Fees, finances and why I do not accept insurance

Just before I started working for myself, actually for you, the customer, I became significantly disillusioned by the sheer volume of paperwork that was required by both insurance companies and government funding agencies just to sit down with a client and say:  “I am glad you are here.  So, what would you like to talk about today?”

If you have not noticed, government agencies and insurance companies have some very peculiar and particular ideas about what and how much information needs to be collected, collated, copied and filed before services can begin.  I really believe that if someone is interested and willing enough to walk through my door, then they already have a pretty good idea about what they would like to talk about.

Over the course of our professional interaction, we may get around to some pretty personal details over the course of our conversations and counseling sessions, or we may not,  it depends more on you than on a government or an insurance form.

One thing that I learned in my previous career as a chef was that the customer is always right and the reason for that is that they are the ones paying the bill.  If I made them a lousy meal or they had a terrible experience at my establishment, then they did not come back, and they told their friends about it. I am bringing the same approach to my counseling practice because I believe that it works.

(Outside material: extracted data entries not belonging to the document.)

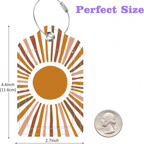 Scandinavian Style Abstract Sun Luggage Tags 2PCS PU Leather Suitcases Tag with Stainless Steel Loop and Privacy Name Address Cover Label Card for Women Men Travel
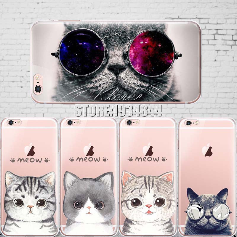Cute Cat with Glasses Pattern Case Cover For iphone 6 6S 5 5s se 7 7PlusTransparent Soft Silicone Cell Phone Cases
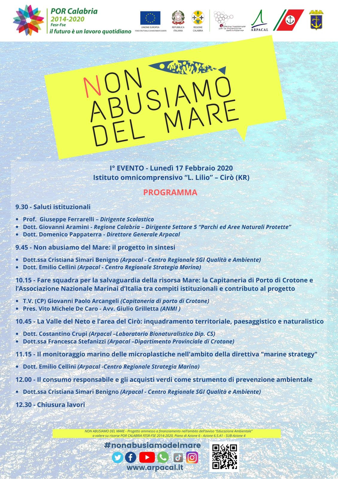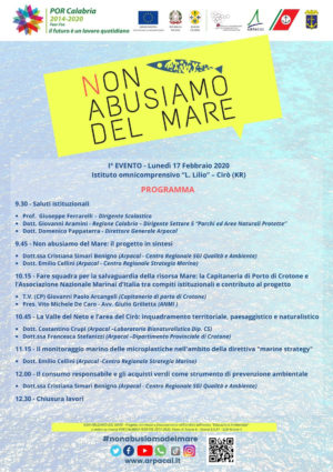 Dopo un approfondito dialogo con i soggetti partner e con le scuole del territorio, è giunto il momento di dare il via a “Non Abusiamo del Mare“, progetto di educazione ambientale dell’Arpacal ammesso al finanziamento nell’ambito dell’avviso pubblico “Educazione Ambientale” che ha selezionato i 16 progetti vincitori a valere su risorse POR CALABRIA FESR-FSE 2014-2020, Piano di Azione 6 – Azione 6.5.A1 – SUB-Azione 4″.
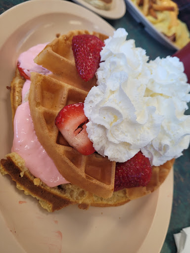 Holy COW!! THIS PLACE WAS GREAT. My daughter and I found this place while in the area for another event at the HS. My son was in the Special Olympics and we had a large amount of time between his events. My son wanted to stay with his friends. My daughter and I were starving. Parking was packed so didn't want to move the car. Found this place and decided to walk!! 1.3 miles to be exact. With out a doubt well worth the walk.We got lucky and we're seated immediately. It did get packed as we were leaving though. I had the best eggs Benedict ever! EVER. That ham is DELICIOUS !! American potatoes were crispy and tender.I would order fries next time,(just a preference). Daughter had a cheeseburger and fries excellent! Both plates were packed! The food being served around us were the same. Piled with food. The pancakes looked great too! Fried steak was crazy huge! Anyway, and this is weird I got a side of grilled jalapeƱos! OMG! DELECTABLE AND PERFECTLY CARAMELIZED SALTY AND SWEET AND PERFECT!! CRAZIEST THING! JUST TRY 'EM!! THIS PLACE IS A TEN TO BE HONEST. IF IT WASNT 15 MILES FROM ME ID BE THERE 4 DAYS A WEEK!! Crazy we found it by chance too. Anyway our tab was $26 bux. I was surprised by how reasonable it was and how much we got and how good. I was completely satisfied and we got a deal!! That's getting rare all these corporate places are a ripoff! WE HAVE TO SUPPORR THESE...
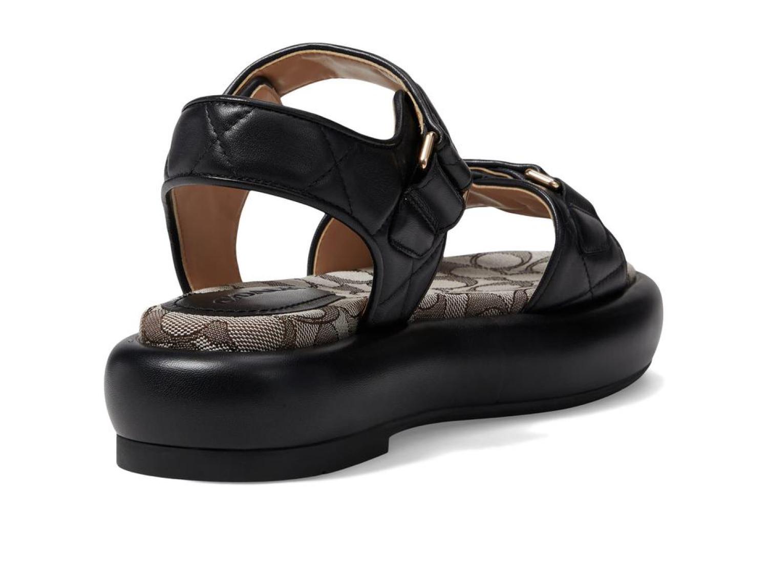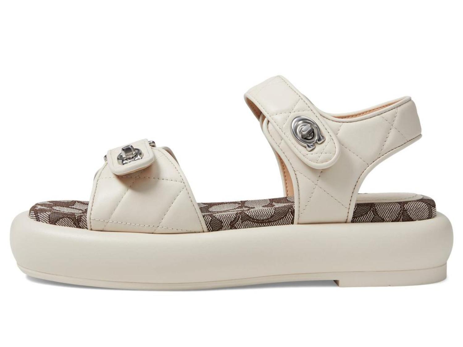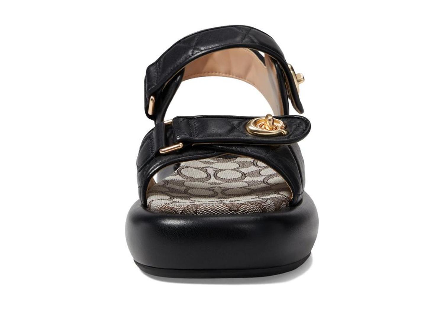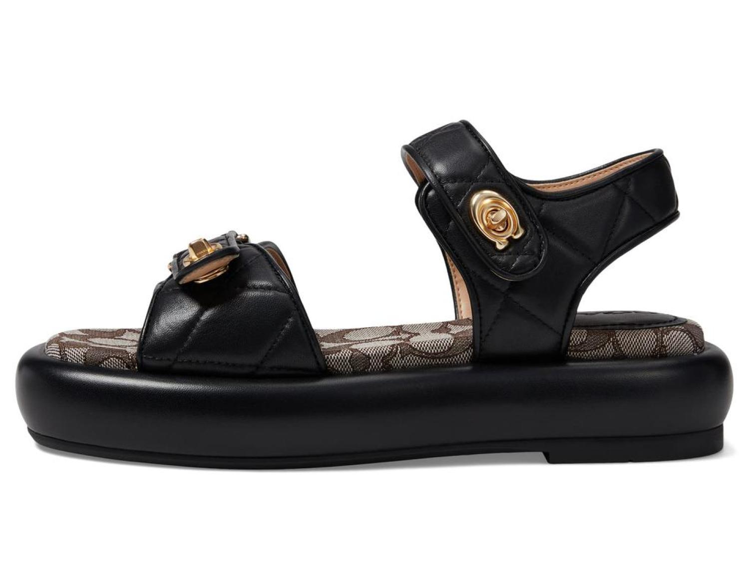 Please Note: COACH™ items cannot be shipped to military addresses (APO or FPO) and addresses in Hawaii, the Virgin Islands, Guam or any other locations outside of the continental US. Let your feet breath in style and comfort wearing the COACH® Peyton Leather Sandal. Leather upper. Man-made leather lining. Signature jacquard footbed. Signature turnlocks closure for a heritage touch. Two-strap style. Open round toe. Rubber outsole. Imported.
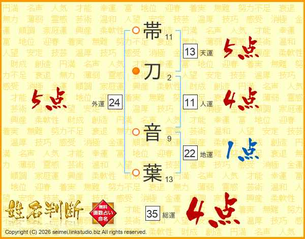 帯刀音葉さんの総運は35画の4点!

Some time ago, I was working for a state-funded treatment agency, serving predominantly a criminal justice population sentenced there for substance abuse treatment as part of their probation or parole.  There was a pilot program where the participants paid a nominal fee for each group and individual counseling session that they attended.  Initially, I though that it would not work as they did not have much money and had many other financial obligations.  I was wrong, dead wrong.  The clients that paid something for their treatment had far more favorable outcomes than those that did not.  They missed fewer sessions, were late less often, had fewer positive drug tests and lower rates of relapse and re-offense.   By paying for their treatment, they placed value on it, making it important to them made it work better for them.  Why they stopped the pilot, I do not know; looking back on it, without keeping up relapse rates, treatment businesses might have been afraid of working themselves out of business.

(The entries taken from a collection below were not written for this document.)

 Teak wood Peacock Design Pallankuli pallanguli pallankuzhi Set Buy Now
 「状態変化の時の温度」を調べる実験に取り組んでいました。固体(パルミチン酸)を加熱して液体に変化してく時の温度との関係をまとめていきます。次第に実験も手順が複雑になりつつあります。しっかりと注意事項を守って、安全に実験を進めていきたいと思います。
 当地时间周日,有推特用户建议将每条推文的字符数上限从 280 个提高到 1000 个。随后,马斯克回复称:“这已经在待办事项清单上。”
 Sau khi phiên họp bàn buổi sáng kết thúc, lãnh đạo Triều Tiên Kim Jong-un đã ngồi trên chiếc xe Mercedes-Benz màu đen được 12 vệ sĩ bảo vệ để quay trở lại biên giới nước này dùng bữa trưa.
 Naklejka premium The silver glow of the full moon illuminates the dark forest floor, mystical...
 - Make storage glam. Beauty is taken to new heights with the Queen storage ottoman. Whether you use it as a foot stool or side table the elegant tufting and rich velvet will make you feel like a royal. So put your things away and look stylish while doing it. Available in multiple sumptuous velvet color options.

Another reason that I do not accept insurance is that it takes an awful lot of work to file  a claim, ensure payment and negotiate with declined requests for payment.  As a sole provider, I do not want my clinical judgement clouded by a fight that I had with an insurance company over a client’s bill.

The other thing about employer sponsored insurance that I detest is the lack of privacy and confidentiality inherent in the billing system.  In many cases, human resources, owners, managers, their secretaries and supervisors know who is using what type of insurance.  If the insurance company, or any other payer wants to see clinical records, very often they are allowed to, otherwise they do not pay.

Short of you threatening to harm me, yourself or another human being, I am generally not required to report to anyone, anything you may say to me.

Anyway, if you have read this far, you must be interested in what I though would be fair, honest pricing, for fair, honest work.  So, here goes:

  1.  DOT/SAP Assessments $425.  This includes an initial assessment, co-ordination of a referral to treatment or education program, re-assessment and providing a follow-up testing program for employers.
  2. Non-DOT Assessments $150.  This includes an initial assessment and a written summary.  I think that it would be well worth while to find out from an independent source just what appears to be wrong and what may be an appropriate and diligent course of action.  I will be writing a whole post about this later.
  3. Individual Counseling  $50/hr.  Whatever you want to talk about regarding a substance use issue.  I have also talked with couples, partners and family members about strategies, plans and expected outcomes.
  4. Court testimony  $250/day, plus expenses.  I have qualified as an expert witness in a number of courts.  A lot of child custody proceedings have an element of “he said/she said” regarding substance use.  Having an expert opinion can be invaluable.
  5. No shows $25.  My time is worth money to me and my family.  I will gladly reschedule almost any appointment, without a fee, if you call ahead of time.
  6. Substance Education Group $30/hr.  I do not presently have a group schedule; however, if you are interested in this, we can develop one to fit you, at these rates, just know that other persons, with similar conditions may be present.

Anyhow, I am seeking to make a living out helping others to make changes in their lives in regard to their use of substances.  I really believe that treatment that has no cost has no value and treatment that has no value is of no use and may even prolong problems.